岡本居館 Ⅰ郭南東隅の土塁は開削され墓地の入口Cとなっている
 岡本居館のⅠ郭は墓地として利用されていました。そのため南東隅の土塁は開削されて、想定図の墓地の入口Cの開口部になっていました。


岡本居館 Ⅰ郭南辺土塁  開口部C から
 Ⅰ郭南辺土塁は東端部がCで削られています。西端部も301号の工事で少し削られているようでした。
Ⅰ郭の西辺土塁は301号の工事で80%近く削られたようで、北端部が少しだけ残っていましたがブッシュに埋もれていました。
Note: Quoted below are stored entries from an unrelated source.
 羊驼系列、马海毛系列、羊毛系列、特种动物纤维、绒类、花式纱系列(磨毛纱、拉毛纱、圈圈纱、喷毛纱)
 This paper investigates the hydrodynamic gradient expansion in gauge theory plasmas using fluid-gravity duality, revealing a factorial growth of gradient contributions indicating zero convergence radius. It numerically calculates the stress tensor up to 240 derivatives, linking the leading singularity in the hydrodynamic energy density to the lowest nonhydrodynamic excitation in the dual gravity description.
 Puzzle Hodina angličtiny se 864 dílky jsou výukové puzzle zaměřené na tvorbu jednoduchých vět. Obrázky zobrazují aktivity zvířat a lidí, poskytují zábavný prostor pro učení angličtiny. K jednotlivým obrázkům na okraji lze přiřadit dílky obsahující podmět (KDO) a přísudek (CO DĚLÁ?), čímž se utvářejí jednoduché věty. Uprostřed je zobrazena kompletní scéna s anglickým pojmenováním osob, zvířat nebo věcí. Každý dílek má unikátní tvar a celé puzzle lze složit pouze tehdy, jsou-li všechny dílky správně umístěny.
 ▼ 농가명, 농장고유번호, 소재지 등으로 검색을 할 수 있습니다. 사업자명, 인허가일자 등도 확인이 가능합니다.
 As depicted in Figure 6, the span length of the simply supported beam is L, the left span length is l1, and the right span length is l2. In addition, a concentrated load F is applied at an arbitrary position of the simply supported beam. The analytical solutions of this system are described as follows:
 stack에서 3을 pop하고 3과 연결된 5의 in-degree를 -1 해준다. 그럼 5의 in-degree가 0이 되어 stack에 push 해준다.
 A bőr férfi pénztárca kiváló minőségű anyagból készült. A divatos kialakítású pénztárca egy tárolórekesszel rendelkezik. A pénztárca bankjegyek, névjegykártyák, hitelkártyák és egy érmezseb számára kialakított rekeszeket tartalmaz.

岡本居館 Ⅰ郭東辺土塁 南端を開口部Cで少し削られたがほゞ完存
 土塁は削り込んだのではなくて、積み上げたように見えました。付近の地山は河岸段丘の礫が多い土地のようで、土塁も礫のほうが多いように見える土は、風化で輪郭がかなり不明瞭になっていました。この東辺土塁に虎口がありました。


岡本居館 Ⅰ郭東辺土塁の虎口 ブッシュで見つけにくい
 資料にⅠ郭の東辺土塁に虎口があるとなっていましたので、探し当てることができましたが、そうでなければ見落としていたと思います。Ⅰ郭の内側から見ても、外側から見ても見つけにくかったです。
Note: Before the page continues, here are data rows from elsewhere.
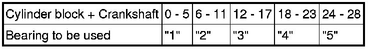 (i) If replacing a bearing, replace it with one having the same number. If the number of the bearing cannot be determined, select the correct bearing by adding together the numbers imprinted on the cylinder block and crankshaft, then refer to the table below for the appropriate bearing number. There are 5 sizes of standard bearings, marked "1", "2", "3", "4" and "5" accordingly.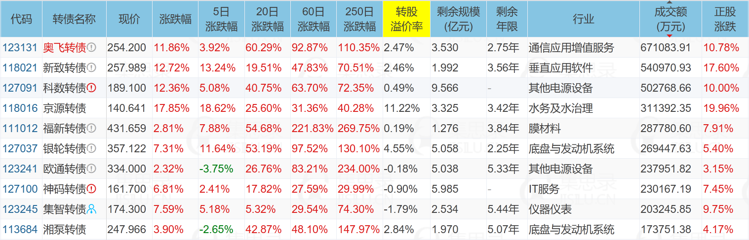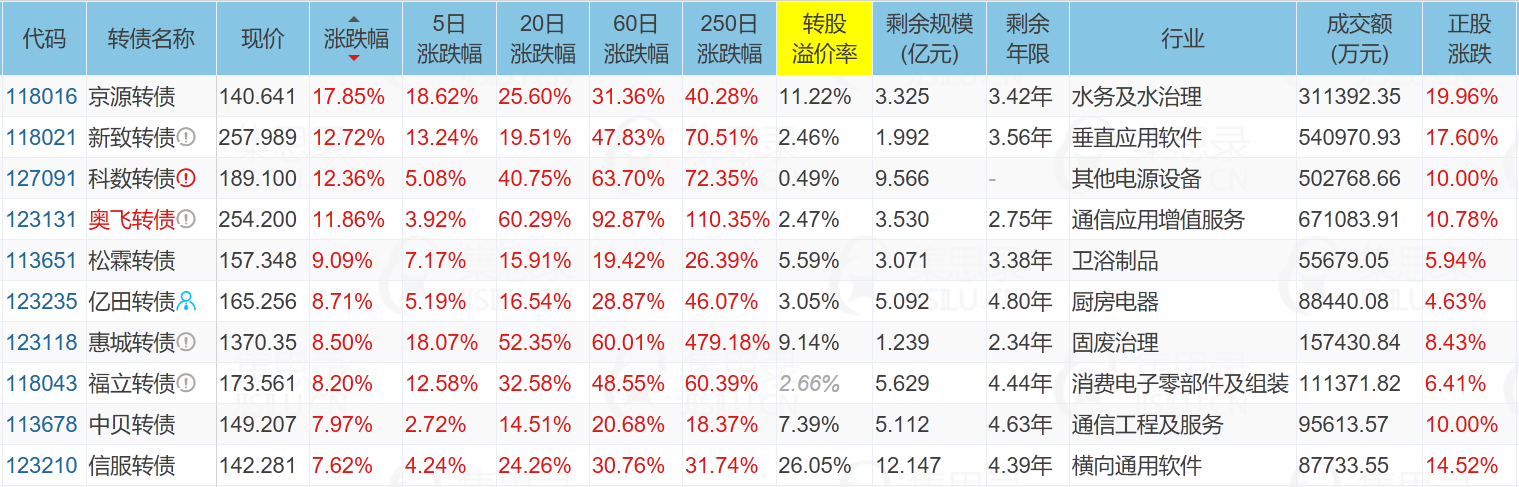 科华数据(10.00%)、ST中装(-5.13%)、神通科技(10.03%)、福莱新材(7.91%)、京源环保(19.96%)、新致软件(17.60%)、京源转债(17.85%)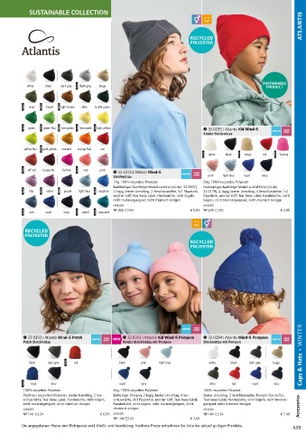 Caps & Headwear • SUMMER 25.8811 | SOL'S Buzz sand forest green 25.0594 | SOL'S Long Beach red/white dark purple 25.3998 | SOL'S Bucket 2 in 1 33.0293 | Atlantis Wind-S Patch NEW black pink light blue 33.0294 | Atlantis Wind-S Pompom beige Caps & Hats • WINTER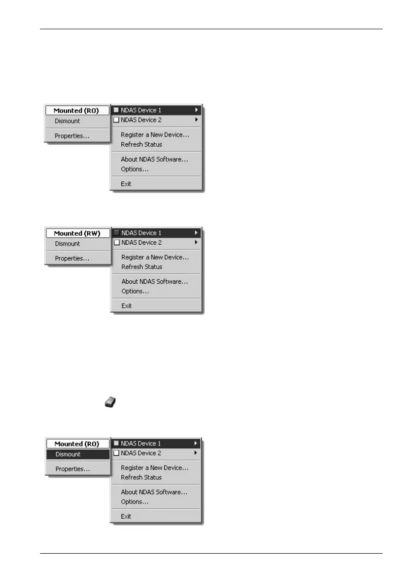 vedno na voljo. V opravilni vrstici se odpre meni "NDAS Device Management", ki je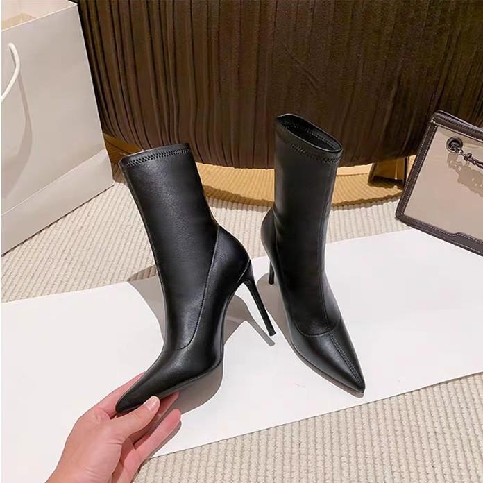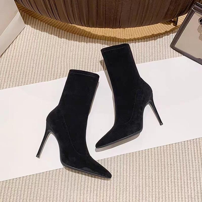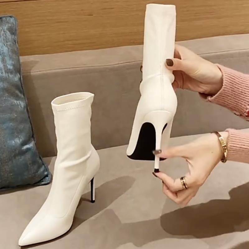 Botines de Mujer Otoño/Invierno 2025 Tacón Alto Elástico Francés Negro Punta Afilada Tacón de Aguja Botas Adelgazantes Botas Blancas de Ante Temperamento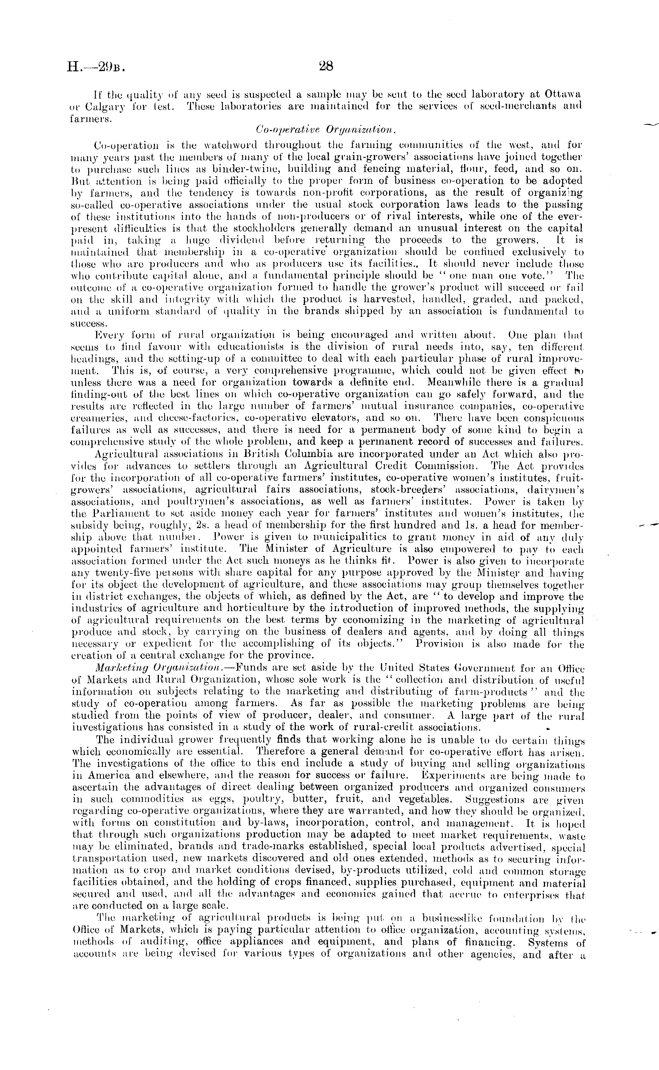 If the quality of any seed is suspected a sample may be sent to the seed laboratory at Ottawa or Calgary for lest. These laboratories are maintained for the services of seed-merchants and farmers. Go-operative Organization. Co-operation is the watchword throughout the farming communities of the west, and for many years past the members of many of the local grain-growers' associations have joined together to purchase such lines as binder-twine, building and fencing material, flour, feed, and so on. But attention is being paid officially to the proper form of business co-operation to be adopted by farmers, and the tendency is towards non-profit corporations, as the result of organizing so-called co-operative associations under the usual stock corporation laws leads to the passing of these institutions into the hands of non-producers or of rival interests, while one of the everpresent difficulties is that the stockholders generally demand an unusual interest on the capital paid in, taking it, huge dividend before returning the proceeds to the growers. It is maintained that membership in a co-operative organization should be confined exclusively to those who are producers and who as producers use its facilities.. It should never include those who contribute capital alone, ami a fundamental principle should be " one man one vote." The outcome of a co-operative organization formed to handle the grower's product will succeed or fail on the skill and integrity with which flic product is harvested, handled, graded, and packed, and a uniform standard of quality in the brands shipped by an association is fundamental to success. Every form of rural organization is being encouraged and written about. One plan that seems to find favour with educationists is the division of rural needs into, say, ten different headings, and the setting-up of a committee to deal with each particular phase of rural improvement, This is, of course, a very comprehensive programme, which could not be given effect hi unless there was a need for organization towards a definite end. Meanwhile there is a gradual finding-out of the best lines on which co-operative organization can go safely forward, and the results are reflected in the large number of farmers' mutual insurance companies, co-operative creameries, and cheese-factories, co-operative elevators, and so on. There have been conspicuous failures as well as successes, and there is need for a permanent body of some kind lo begin a comprehensive study of the whole problem, and keep a permanent record of successes and failures. Agricultural associations in British Columbia are incorporated under an Act which also provides for advances to settlers through an Agricultural Credit Commission. The Act provides for the incorporation of all co-operative farmers' institutes, co-operative women's institutes, fruitgrowers' associations, agricultural fairs associations, stock-breeders' associations, dairymen's associations, and poultrymen's associations, as well as farmers' institutes. Power is taken by the Parliament to set aside money each year for farmers' institutes and women's institutes, the subsidy being, roughly, 2s. a head of membership for the first hundred and Is. a head for membership above that number. Power is given to municipalities to grant money in aid of any duly appointed farmers' institute. The Minister of Agriculture is also empowered to pay lo each association formed under the Act such moneys as he thinks fit. Power is also given to incorporate any twenty-five persons with share capital for any purpose approved by the Minister and having for its object the development of agriculture, and these associations may group themselves together in district exchanges, the objects of which, as defined by the Act, are " to develop and improve the industries of agriculture and horticulture by the introduction of improved methods, the supplying of agricultural requirements on the best terms by economizing in the marketing of agricultural produce and stock, by carrying on the business of dealers and agents, and by doing all things necessary or expedient for the accomplishing of its objects." Provision is also made for the creation of a central exchange for the province. Marketing Organization. —Funds are set aside by the United States Government for an Office of Markets and Rural Organization, whose sole work is the "collection and distribution of useful information on subjects relating to the marketing and distributing of farm-products" and the study of co-operatiou among farmers. As far as possible the marketing problems are being studied from the points of view of producer, dealer, and consumer. A. large part of the rural investigations has consisted in a study of the work of rural-credit associations. The individual grower frequently finds that working alone ho is unable to do certain things which economically are essential. Therefore a general demand for co-operative effort has arisen. The investigations of the office to this end include a study of buying and selling organizations in America and elsewhere, and the reason for success or failure. Experiments tire being made to ascertain the advantages of direct dealing between organized producers and organized consumers in such commodities as eggs, poultry, butter, fruit, and vegetables. Suggestions are given regarding co-operative organizations, where they are warranted, and how they should be organized, with forms on constitution and by-laws, incorporation, control, and management. It is hoped that through such organizations production may be adapted to meet market requirements, waste may be eliminated, brands and trade-marks established, special local products advertised, special transportation used, new markets discovered and old ones extended, methods as to securing information as to crop and market conditions devised, by-products utilized, cold and common storage facilities obtained, and the holding of crops financed

岡本居館 Ⅰ郭外側 東下の堀跡? 道?  右側上にⅠ郭東辺土塁     北から
 Ⅰ郭東側の土塁外側下には溝状の地形がありました。この部分は道としても使われていた時期があるようなので、堀跡と断定することは難しそうですが、堀があってもおかしくないと思いましたがどうでしょう。周辺は農地としての改変もありました。


岡本居館 Ⅰ郭北辺外側の切岸 北辺土塁の天端からの高低差が10mはありそう 東から
 Ⅰ郭の北辺の土塁の外側は、現状では10mを越えるような高い切岸になっていました。農地のために下端部がいくらか削られているようにも見えましたが、地形の高低差も加わって、高い切岸となっているようでした。 


岡本居館 Ⅱ-1郭西側下の道AとBの分岐点 北から  道Aは右に大きく180度曲がって下る
 道Aは今は使われていませんが、一部に舗装やガードレールが残っていましたので最近まで使われていたようでした。301号の拡幅時にBルートが使えなくなったための代替道路だったのかもしれないと想像しましたが、明確なことはわかりませんでした。Bルートを登ってみましたが、途中で301号の工事土砂で痕跡は失われていました。

岡本居館は薮とブッシュで写真写りはよくないですが、現地で薮とブッシュを掻き分けて突入して見学すると、意外に多くの遺構を見ることが出来ました。道路で分断される前の姿を見ることは出来ませんが、想像しながら楽しく見学することが出来ました。